### Exercise details
Copy each entry precisely as written, and do not carry over the pictures.

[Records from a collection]
%%

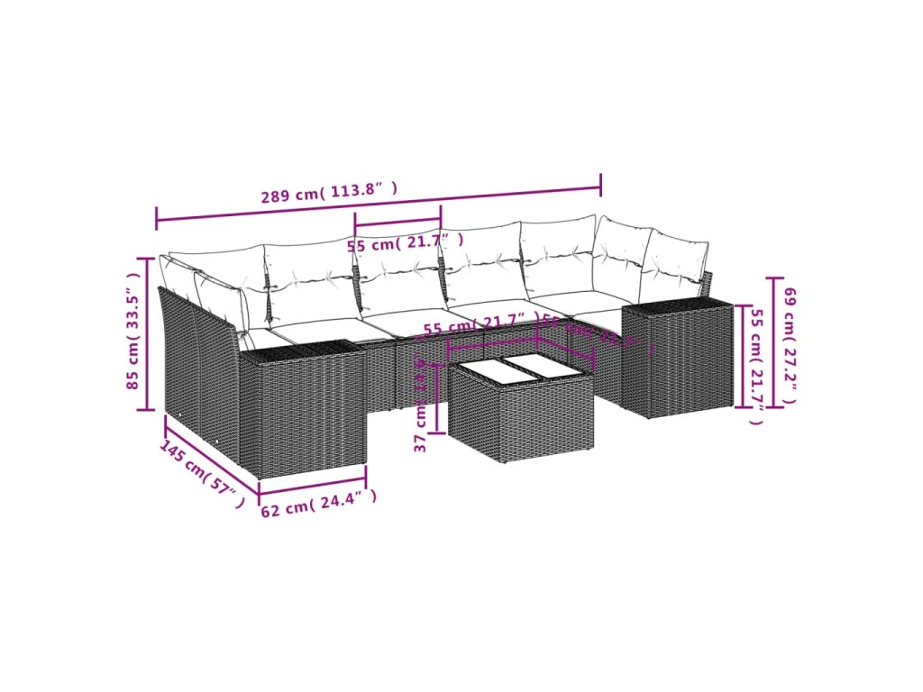 8dílná zahradní sedací souprava s poduškami černá polyratan 3254673
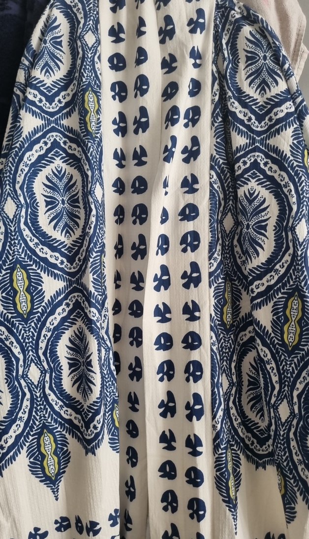 Bohem tarzı koyu mavi desenlere sahip, yumuşak kumaştan yapılmış kimona,.
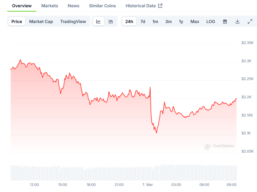Martinez notes that as long as Ethereum maintains support above $2,200, the chances of a rebound increase. Currently, ETH trades around $2,170, with a market capitalization of $261 billion.
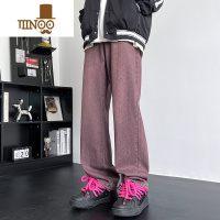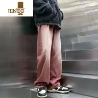 YANXU美式水洗做旧红色大码牛仔裤男宽松直筒oversize高街抽绳阔腿裤子
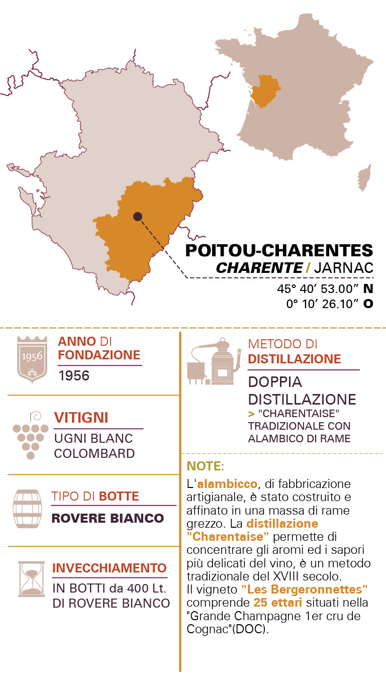 • NOTEViene realizzato esclusivamente con uve provenienti dal vitigno Les Bergeronnettes situato in Francia nella zona di Jarnac, regione Cognac. La materia prima sono i vini bianchi ottenuti dai vitigni Ugni Blanc, Folle Blanche, Colombard. Il Peyrot Cognac X.O si fregia della denominazione controllata più prestigiosa per un distillato del genere, la "1er Cru de Cognac" della "Grande Champagne". L'Extra Old delle cantine Peyrot invecchia con serenità in botti di rovere per oltre 25 anni e il risultato è un Cognac dal bouquet ammaliante, aromatico e strutturato. Il gusto morbido e setoso merita di essere assaporato con calma, da soli o in compagnia di buoni amici.
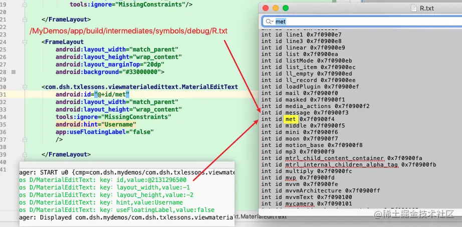 <resources> <!-- MaterialEditText --> <declare-styleable name="MaterialEditText"> <attr name="useFloatingLabel" format="boolean"/> </declare-styleable> </resources> - 我们继续深入了解下attrs是干什么的
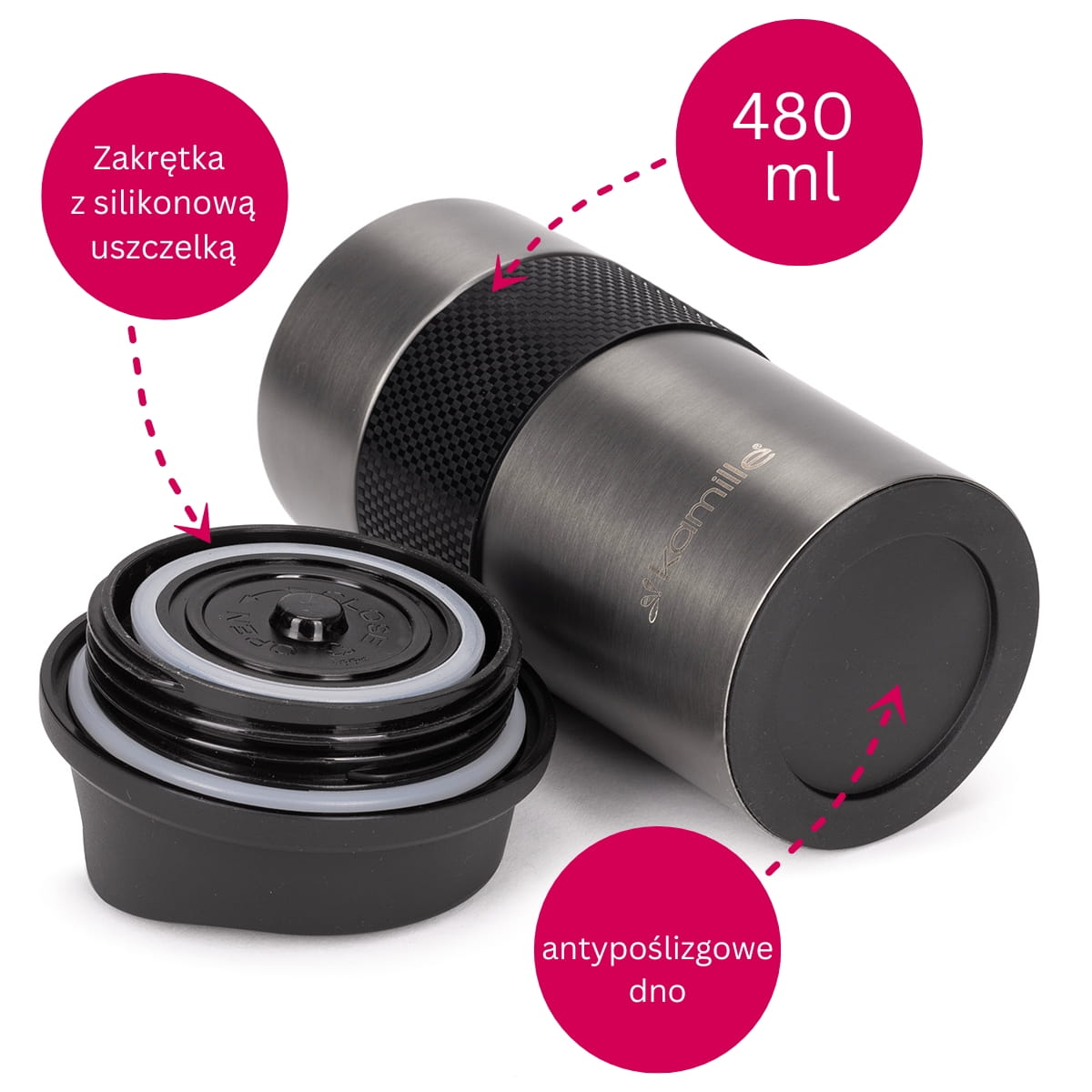 Wybierz niezawodność i styl w jednym - kubek termiczny Kamille spełni Twoje oczekiwania, zapewniając komfort picia gdziekolwiek jesteś.

%%

### Output for this exercise
 8dílná zahradní sedací souprava s poduškami černá polyratan 3254673
 Bohem tarzı koyu mavi desenlere sahip, yumuşak kumaştan yapılmış kimona,.
Martinez notes that as long as Ethereum maintains support above $2,200, the chances of a rebound increase. Currently, ETH trades around $2,170, with a market capitalization of $261 billion.
 YANXU美式水洗做旧红色大码牛仔裤男宽松直筒oversize高街抽绳阔腿裤子
 • NOTEViene realizzato esclusivamente con uve provenienti dal vitigno Les Bergeronnettes situato in Francia nella zona di Jarnac, regione Cognac. La materia prima sono i vini bianchi ottenuti dai vitigni Ugni Blanc, Folle Blanche, Colombard. Il Peyrot Cognac X.O si fregia della denominazione controllata più prestigiosa per un distillato del genere, la "1er Cru de Cognac" della "Grande Champagne". L'Extra Old delle cantine Peyrot invecchia con serenità in botti di rovere per oltre 25 anni e il risultato è un Cognac dal bouquet ammaliante, aromatico e strutturato. Il gusto morbido e setoso merita di essere assaporato con calma, da soli o in compagnia di buoni amici.
 <resources> <!-- MaterialEditText --> <declare-styleable name="MaterialEditText"> <attr name="useFloatingLabel" format="boolean"/> </declare-styleable> </resources> - 我们继续深入了解下attrs是干什么的
 Wybierz niezawodność i styl w jednym - kubek termiczny Kamille spełni Twoje oczekiwania, zapewniając komfort picia gdziekolwiek jesteś.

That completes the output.